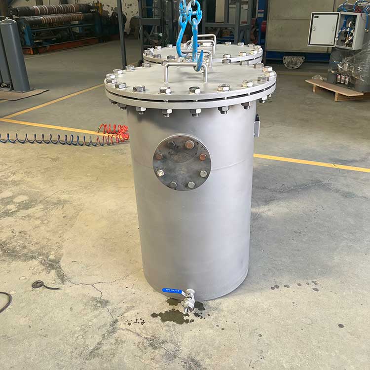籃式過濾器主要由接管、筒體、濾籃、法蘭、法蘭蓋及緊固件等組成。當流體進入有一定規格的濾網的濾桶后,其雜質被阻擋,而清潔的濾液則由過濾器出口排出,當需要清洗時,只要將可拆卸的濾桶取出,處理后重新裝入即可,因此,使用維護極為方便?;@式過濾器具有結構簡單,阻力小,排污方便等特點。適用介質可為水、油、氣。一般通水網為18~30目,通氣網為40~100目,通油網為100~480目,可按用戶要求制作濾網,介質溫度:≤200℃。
::::::
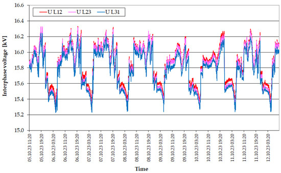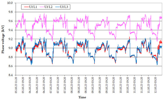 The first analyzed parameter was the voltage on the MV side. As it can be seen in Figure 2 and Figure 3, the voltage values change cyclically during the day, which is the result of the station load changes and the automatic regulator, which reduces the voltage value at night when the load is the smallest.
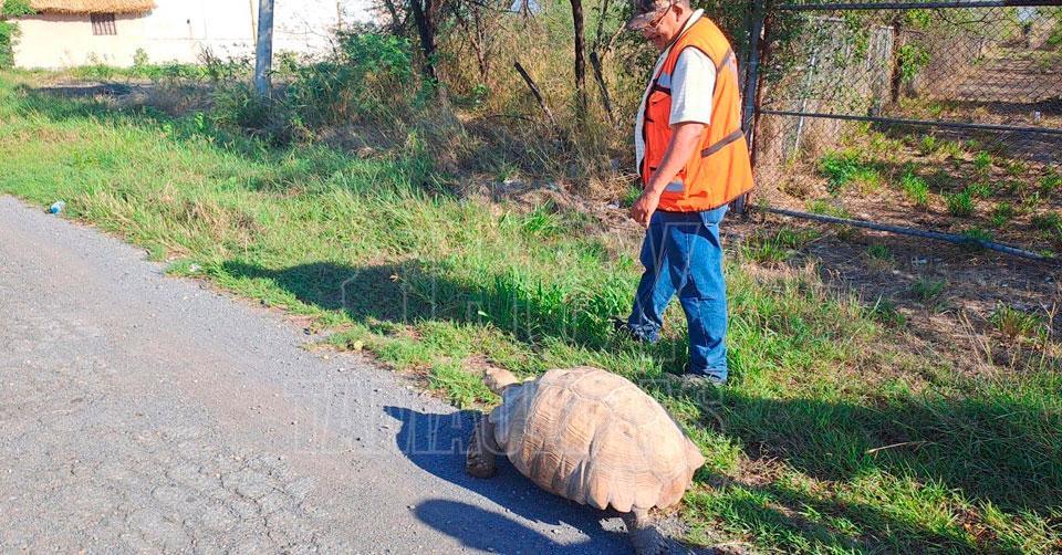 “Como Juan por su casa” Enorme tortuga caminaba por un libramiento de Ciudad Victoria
::::::
*What the exercise asks*
Having found the line with "The first analyzed" and the line with "de Ciudad Victoria" in the material above, write out exactly those two and every line between, leaving the pictures out.

*Response*
 The first analyzed parameter was the voltage on the MV side. As it can be seen in Figure 2 and Figure 3, the voltage values change cyclically during the day, which is the result of the station load changes and the automatic regulator, which reduces the voltage value at night when the load is the smallest.
 “Como Juan por su casa” Enorme tortuga caminaba por un libramiento de Ciudad Victoria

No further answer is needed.